● **Work instructions**:
Within the listing below, give again exactly the lines between the one containing "Bright chic yellow" and the one containing "Di seguito le", inclusive, pictures left aside.

● **Supplied records**:
——

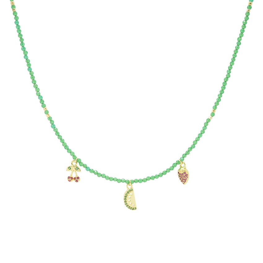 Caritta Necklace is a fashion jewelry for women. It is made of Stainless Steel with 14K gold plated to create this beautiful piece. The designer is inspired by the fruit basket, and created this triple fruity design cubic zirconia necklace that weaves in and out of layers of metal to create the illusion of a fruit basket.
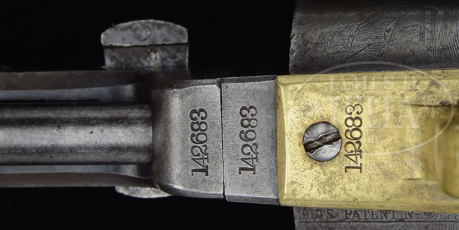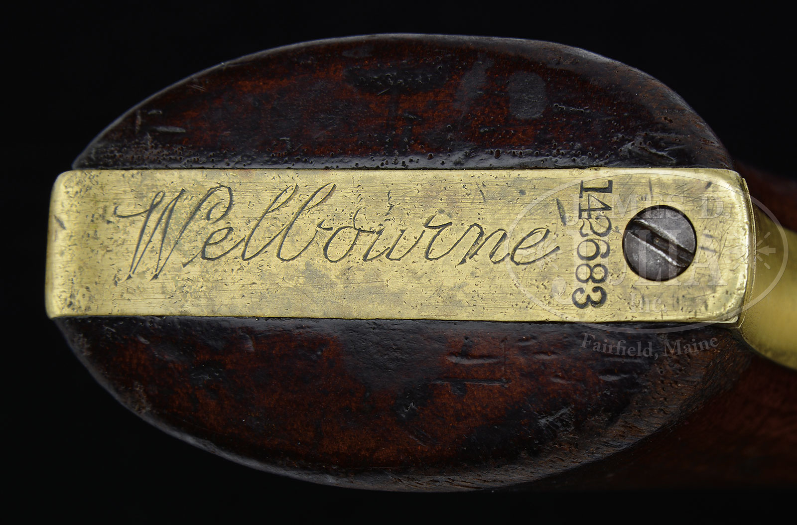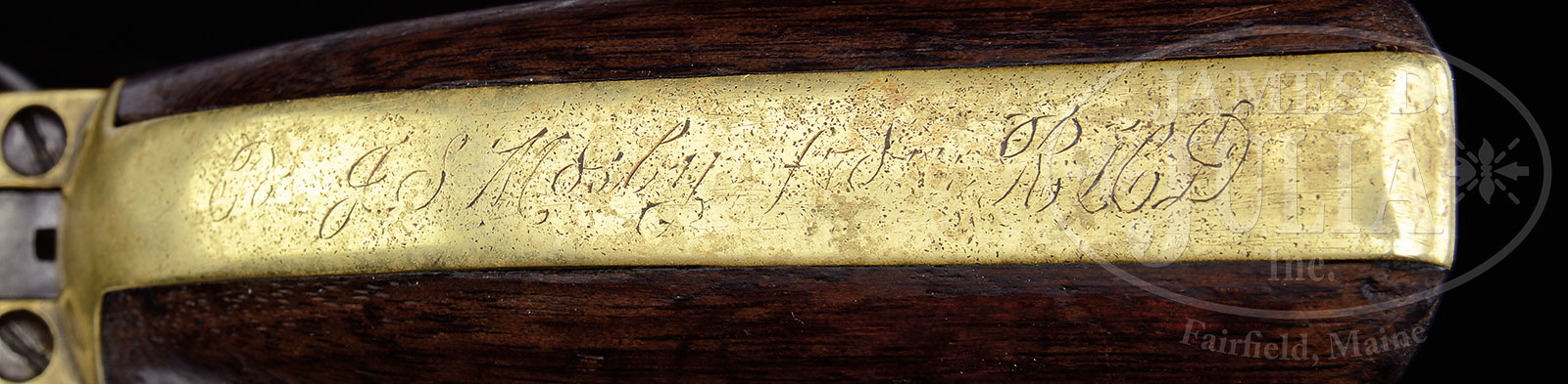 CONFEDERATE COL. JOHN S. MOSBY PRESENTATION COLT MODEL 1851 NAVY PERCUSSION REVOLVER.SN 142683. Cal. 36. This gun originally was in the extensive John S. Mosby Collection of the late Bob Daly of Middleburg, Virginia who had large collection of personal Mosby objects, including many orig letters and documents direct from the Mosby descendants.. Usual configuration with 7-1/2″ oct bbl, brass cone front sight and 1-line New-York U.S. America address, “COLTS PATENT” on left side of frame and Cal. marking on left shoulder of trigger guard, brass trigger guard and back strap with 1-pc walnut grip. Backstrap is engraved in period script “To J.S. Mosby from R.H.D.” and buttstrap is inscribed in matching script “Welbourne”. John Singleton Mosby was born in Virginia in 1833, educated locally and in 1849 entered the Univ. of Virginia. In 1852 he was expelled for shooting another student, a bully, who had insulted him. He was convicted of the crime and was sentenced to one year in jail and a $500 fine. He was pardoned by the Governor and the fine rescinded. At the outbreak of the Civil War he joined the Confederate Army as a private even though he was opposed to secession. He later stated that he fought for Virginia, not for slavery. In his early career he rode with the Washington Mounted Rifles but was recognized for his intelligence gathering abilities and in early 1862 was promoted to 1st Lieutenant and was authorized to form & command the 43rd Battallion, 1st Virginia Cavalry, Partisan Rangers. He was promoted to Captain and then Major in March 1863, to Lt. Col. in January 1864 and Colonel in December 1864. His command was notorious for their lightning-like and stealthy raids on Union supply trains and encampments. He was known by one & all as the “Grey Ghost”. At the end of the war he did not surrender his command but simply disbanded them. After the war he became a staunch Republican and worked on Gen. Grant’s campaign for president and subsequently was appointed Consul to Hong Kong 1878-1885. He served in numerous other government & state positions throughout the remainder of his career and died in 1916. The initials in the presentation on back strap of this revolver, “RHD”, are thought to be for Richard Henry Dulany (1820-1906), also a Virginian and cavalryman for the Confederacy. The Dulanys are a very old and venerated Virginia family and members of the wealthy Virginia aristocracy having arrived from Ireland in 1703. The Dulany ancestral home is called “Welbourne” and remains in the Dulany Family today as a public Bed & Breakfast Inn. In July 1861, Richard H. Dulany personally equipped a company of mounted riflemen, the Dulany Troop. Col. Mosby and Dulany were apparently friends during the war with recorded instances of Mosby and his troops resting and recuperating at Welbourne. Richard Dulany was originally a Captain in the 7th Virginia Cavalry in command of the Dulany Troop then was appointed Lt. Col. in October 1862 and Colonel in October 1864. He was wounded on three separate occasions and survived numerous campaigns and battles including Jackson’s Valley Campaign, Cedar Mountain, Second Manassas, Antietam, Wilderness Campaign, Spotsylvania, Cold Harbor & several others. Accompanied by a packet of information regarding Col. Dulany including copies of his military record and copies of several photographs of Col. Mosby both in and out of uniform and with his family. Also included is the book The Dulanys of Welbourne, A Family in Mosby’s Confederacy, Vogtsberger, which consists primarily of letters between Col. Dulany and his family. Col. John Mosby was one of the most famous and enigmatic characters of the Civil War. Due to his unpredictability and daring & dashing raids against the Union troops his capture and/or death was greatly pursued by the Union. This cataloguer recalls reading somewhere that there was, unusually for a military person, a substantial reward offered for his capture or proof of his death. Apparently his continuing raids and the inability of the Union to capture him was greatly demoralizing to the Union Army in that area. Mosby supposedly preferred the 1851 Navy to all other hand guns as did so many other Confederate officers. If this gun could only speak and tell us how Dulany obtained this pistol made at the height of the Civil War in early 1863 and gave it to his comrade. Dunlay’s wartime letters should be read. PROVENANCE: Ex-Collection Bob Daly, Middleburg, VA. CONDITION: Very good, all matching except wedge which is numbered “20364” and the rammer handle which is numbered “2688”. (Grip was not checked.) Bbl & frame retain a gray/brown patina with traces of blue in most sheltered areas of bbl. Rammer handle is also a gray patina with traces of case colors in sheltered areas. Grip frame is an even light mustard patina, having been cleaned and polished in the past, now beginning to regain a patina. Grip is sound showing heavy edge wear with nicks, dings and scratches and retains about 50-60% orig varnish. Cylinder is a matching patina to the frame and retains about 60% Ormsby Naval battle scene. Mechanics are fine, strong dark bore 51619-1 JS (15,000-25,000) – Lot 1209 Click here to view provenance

——

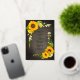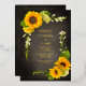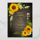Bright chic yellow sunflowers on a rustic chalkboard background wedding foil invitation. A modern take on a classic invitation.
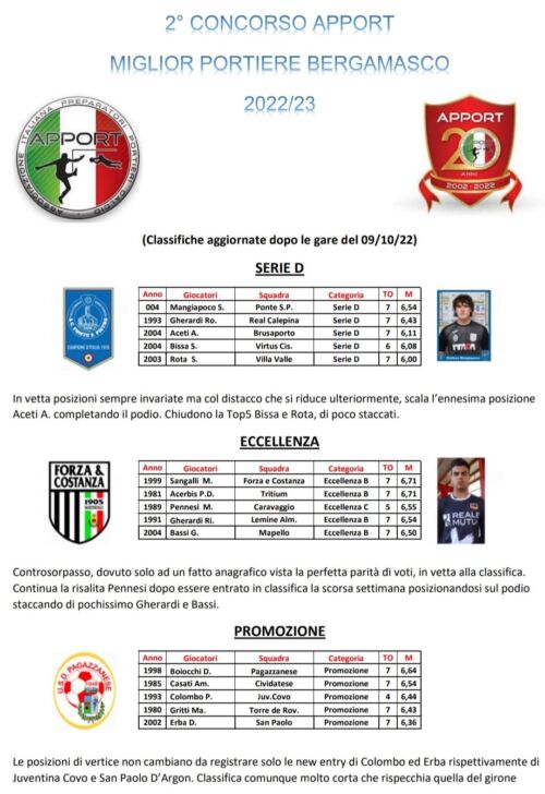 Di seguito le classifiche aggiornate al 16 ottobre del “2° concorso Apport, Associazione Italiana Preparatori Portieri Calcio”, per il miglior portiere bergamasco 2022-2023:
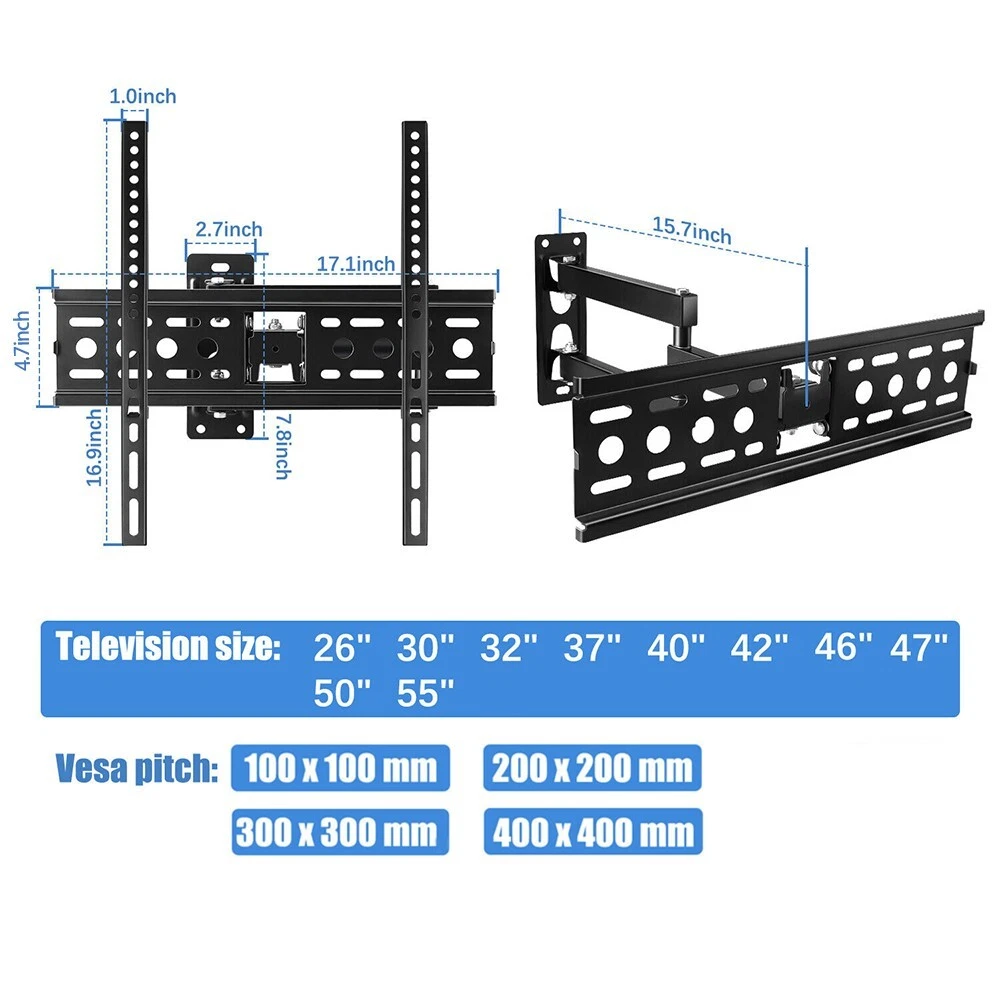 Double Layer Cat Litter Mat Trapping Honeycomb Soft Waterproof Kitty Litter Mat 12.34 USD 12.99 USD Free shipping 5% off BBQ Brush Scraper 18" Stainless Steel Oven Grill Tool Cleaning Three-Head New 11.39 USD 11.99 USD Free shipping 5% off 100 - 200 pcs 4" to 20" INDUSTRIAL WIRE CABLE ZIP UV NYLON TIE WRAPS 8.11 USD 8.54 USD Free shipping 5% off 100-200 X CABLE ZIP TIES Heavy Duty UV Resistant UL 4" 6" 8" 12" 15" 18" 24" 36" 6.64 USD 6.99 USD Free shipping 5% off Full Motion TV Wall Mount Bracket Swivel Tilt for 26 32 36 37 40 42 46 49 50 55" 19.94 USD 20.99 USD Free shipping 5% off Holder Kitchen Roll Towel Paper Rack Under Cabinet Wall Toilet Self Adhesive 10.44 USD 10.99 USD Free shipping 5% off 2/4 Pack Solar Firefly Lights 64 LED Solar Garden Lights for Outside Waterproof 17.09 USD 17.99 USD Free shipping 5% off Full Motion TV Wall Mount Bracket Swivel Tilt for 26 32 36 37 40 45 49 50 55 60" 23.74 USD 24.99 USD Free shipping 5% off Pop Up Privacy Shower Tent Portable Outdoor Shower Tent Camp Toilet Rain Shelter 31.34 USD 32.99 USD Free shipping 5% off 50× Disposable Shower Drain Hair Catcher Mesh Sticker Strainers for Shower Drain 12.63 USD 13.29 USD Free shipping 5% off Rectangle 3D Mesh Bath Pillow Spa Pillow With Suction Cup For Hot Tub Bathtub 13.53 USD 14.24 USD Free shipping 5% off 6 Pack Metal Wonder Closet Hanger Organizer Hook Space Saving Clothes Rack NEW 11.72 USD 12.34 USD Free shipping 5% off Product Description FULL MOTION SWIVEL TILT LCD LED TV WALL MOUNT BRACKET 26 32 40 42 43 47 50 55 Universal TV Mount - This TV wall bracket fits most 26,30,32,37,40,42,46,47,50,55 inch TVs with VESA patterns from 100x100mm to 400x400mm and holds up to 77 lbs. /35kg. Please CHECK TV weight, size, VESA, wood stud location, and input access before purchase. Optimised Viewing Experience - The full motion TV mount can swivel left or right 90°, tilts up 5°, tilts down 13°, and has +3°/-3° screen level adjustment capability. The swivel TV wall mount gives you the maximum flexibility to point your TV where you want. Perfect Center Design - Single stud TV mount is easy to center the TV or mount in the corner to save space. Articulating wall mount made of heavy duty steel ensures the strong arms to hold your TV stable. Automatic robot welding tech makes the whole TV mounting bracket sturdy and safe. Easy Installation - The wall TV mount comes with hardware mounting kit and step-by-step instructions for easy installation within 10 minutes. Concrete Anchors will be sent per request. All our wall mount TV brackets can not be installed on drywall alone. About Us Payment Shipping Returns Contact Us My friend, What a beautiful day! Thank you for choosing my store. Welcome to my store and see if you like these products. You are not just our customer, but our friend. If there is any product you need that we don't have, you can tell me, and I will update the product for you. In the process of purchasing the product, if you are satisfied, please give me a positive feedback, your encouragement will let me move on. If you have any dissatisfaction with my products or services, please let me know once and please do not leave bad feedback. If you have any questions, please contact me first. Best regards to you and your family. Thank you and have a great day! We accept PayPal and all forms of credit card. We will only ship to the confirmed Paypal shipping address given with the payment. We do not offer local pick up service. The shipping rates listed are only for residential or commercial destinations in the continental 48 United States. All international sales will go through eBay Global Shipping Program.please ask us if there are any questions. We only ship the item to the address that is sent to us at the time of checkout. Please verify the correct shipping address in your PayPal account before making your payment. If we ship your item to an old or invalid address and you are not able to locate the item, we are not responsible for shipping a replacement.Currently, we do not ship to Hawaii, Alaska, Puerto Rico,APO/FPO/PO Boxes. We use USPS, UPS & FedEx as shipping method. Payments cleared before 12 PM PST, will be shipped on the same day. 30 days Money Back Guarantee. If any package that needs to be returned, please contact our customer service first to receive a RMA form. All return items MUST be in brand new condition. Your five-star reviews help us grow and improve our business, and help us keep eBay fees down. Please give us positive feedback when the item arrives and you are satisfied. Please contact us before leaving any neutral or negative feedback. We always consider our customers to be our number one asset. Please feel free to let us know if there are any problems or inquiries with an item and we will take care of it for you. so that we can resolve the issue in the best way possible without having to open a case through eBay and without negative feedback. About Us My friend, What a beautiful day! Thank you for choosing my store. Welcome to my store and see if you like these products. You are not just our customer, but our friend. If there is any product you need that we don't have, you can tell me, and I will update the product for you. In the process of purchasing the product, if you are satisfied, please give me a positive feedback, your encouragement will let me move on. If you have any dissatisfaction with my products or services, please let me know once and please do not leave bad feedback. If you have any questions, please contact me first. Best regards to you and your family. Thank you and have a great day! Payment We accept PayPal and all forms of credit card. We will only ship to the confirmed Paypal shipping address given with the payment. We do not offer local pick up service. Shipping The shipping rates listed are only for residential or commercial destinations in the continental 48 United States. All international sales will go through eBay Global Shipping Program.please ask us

——

● **Output of the exercise**:
Bright chic yellow sunflowers on a rustic chalkboard background wedding foil invitation. A modern take on a classic invitation.
 Di seguito le classifiche aggiornate al 16 ottobre del “2° concorso Apport, Associazione Italiana Preparatori Portieri Calcio”, per il miglior portiere bergamasco 2022-2023:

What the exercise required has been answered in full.